Advertisement

The Only Way to Help Poland

Share

After 40 years of communism, Poland is an economic and environmental shambles. Its farmers have grown single cash crops for so long they will have to learn agriculture all over. Times writer Art Pine reported from Krakow recently that 30,000 workers at the Lenin steel mill produce no more than what a fraction of that number can turn out in South Korea. Inflation is running at an annual rate of 450% and economists warn it will be 900% next year without radical reforms. A recent Warsaw visitor reports the opening of a new office building that took 35 years to build, a paradigm for the way the whole country works. But there is a way out of this mess--and it rests with the old-fashioned notion of international economic cooperation.

The Poles already know that help is on its way from the United States, Japan and European countries and from the International Monetary Fund, but at a price.

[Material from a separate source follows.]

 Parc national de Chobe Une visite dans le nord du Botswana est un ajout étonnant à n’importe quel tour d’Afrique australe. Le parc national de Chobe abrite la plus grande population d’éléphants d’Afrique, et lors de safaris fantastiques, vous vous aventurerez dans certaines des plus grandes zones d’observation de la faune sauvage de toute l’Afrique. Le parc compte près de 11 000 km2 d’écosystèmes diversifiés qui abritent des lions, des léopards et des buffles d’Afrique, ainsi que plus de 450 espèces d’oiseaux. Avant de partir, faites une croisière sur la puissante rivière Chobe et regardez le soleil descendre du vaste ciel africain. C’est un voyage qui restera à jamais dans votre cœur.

Under a proposed agreement with the IMF, wages must be capped and that will produce a 25% loss in buying power next year. Government subsidies must be wiped out and that means prices of things like electricity will soar. The Polish parliament has begun deciding these and other changes in economic rules that could lead to failures of many businesses and to higher prices as the nation moves to a market economy.

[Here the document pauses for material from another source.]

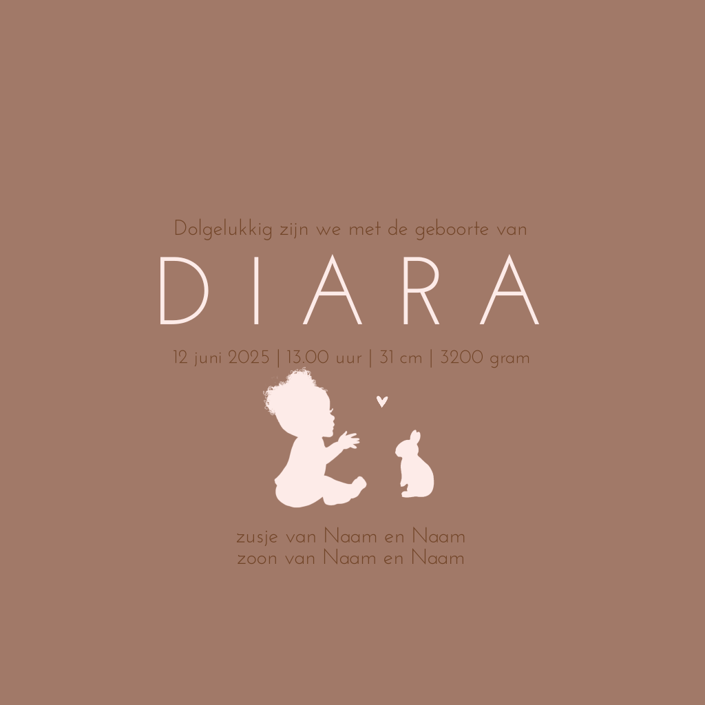 Lieve geboortekaart silhouet klein zusje met haar broertjes

Alarming? Yes. But visitors find the professors and labor leaders who are suddenly in charge of a nation--with no experience in governing and only a vague idea of how a free market works--determined to change everything at once, remarkably optimistic that they can do it, able even to joke about it. When President Bush’s chief economic adviser, Michael Boskin, began lecturing members of the Polish Cabinet on the dangers of taking on too much at once, they heard him out and then one responded: The Cabinet member said that gradualism would not work and that Poland had no choice but to take what has been called the Big Bang approach. Then, with a smile, he added that, anyway, like war and generals, moving from communism to a market economy was too important a task to be entrusted to economists.

Advertisement

After a slow start, Washington is moving to provide not only food and cash but the kind of technical help Poland will need to do such things as create credit lines--something that’s second-nature in the West and all but unheard of under communism. Some estimates put the value of pledges of aid for Poland as high as $4 billion.

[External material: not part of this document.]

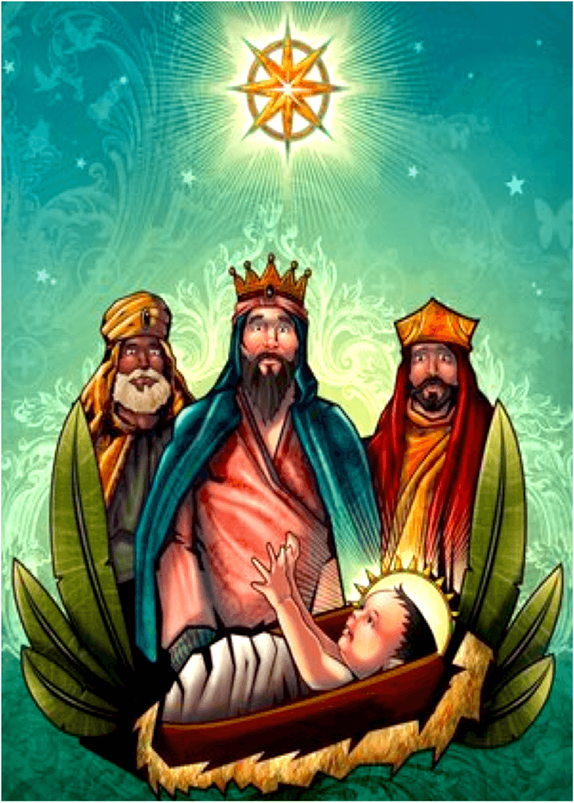 ![Волхвы и царь Ирод и Рождественская звезда]()

For a time, Warsaw was overwhelmed with visitors from the West, stumbling over one another with free-lance offers of aid, taking up the time of Polish officials that should have been spent on planning for the radical changes involved in creating a market economy from economic rubble. With the IMF about to agree on its own contribution of more than $700 million, the West will have a traffic controller on the scene to monitor the flow of aid and free up the time of Polish officials for more important things than chatting with well-intentioned visitors. Next to cash and technical advice, Western nations can make no more important a contribution to Poland than cooperating with the IMF’s traffic controls.